A spirit had known and I hadn’t.
“They used to come here once a week after...well, after everything,” he added.
Nice.
That was just freaking great.
Hands opening and closing, I kept my eyes on Sam. “He has a message for both of you. Something to do with a school?”
Sam nodded and then twisted toward Stacey. “She can’t go back to that school. Something is happening there. It’s not safe.”
“You’re going to need to give me more detail, Sam. I need to know why it’s not safe.”
“He’s saying the school isn’t safe?” Zayne questioned.
“There’s a lot of...souls there. Too many. It’s like they’re gathering for something,” Sam explained, his form flickering more rapidly now. “I’ve been checking on her since...well, since I could, and it hasn’t always been like that.”
“What do you mean souls are gathering there?” I asked, and Zayne shifted forward.
“Souls. Dead people who haven’t crossed over—”
“Ghosts?” I suggested, and when he nodded, I glanced at Stacey, who was staring at Sam but not seeing him. “There are a lot of ghosts there? How many?”
Stacey’s eyes widened even further. “At school?”
The spirit nodded. “Over a hundred. I tried counting one day, but they disappear and they’re confused. Sort of running around all hectic-like. It’s like they’re stuck.”
“The ghosts are stuck at the school,” I repeated. “Over a hundred.”

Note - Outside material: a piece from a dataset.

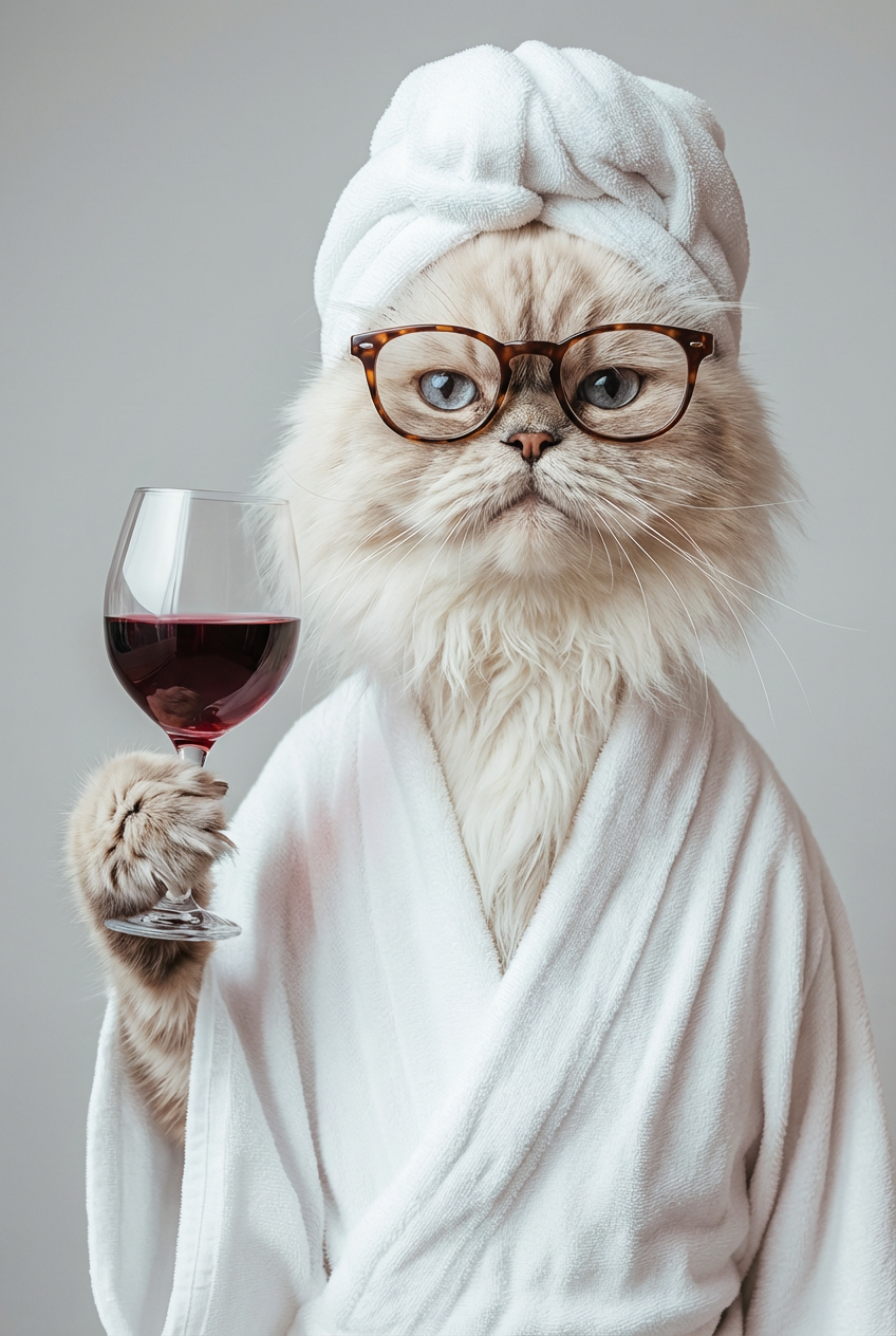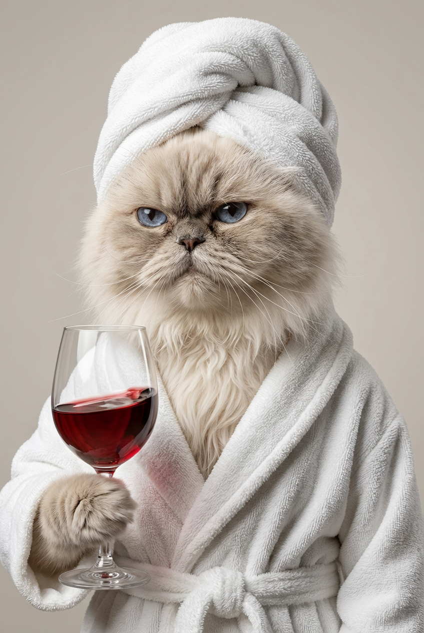 This piece of art captures that one-of-a-kind mix of class and humour, turning your pet’s bath-time mood into a work of art. Every brushstroke—from the fluffy towel wrap to the confident pose—screams luxury, style, and personality.

“How can that happen?” Zayne asked.
“Spirits and ghosts can be summoned to a place,” I explained.
“Like through a Ouija board?” Stacey let out a nervous, wet-sounding laugh.
“Yeah, actually those things can work under the right circumstances,” I said. “But you almost never get who you think you’re communicating with. Not unless you know how to...channel a certain spirit, and even I can’t do that.”
Stacey stared at me. “They sell them in toy stores.”
Beside her, Sam laughed. “God, I missed that look on her face.” A smile appeared. “Did you know the Ouija board marketer fell to his death while supervising the build of a Ouija board factory?”
I frowned at him.
He shrugged. “Kind of freaky if you think about it.”
“How can ghosts be stuck?” Zayne asked.
“I don’t know. I’m sure there are spells that could do it, but I don’t know why you’d want to. A trapped ghost or even a spirt could become a wraith. Could take months or years, but being stuck would corrupt them,” I said, horrified by the possibility of something like that occurring. “How could this happen at a school?”
“It’s a Hellmouth,” Stacey murmured. “Layla and I weren’t joking when we said that.”
I ignored her. “Are the ghosts putting people in danger?”
“Someone fell down the steps a week ago. They were pushed by one of the ghosts,” Sam said.
When I repeated that, Stacey sat back against the booth. “A guy did fall down the steps. Last Tuesday. I don’t know the details, but I heard that it happened.”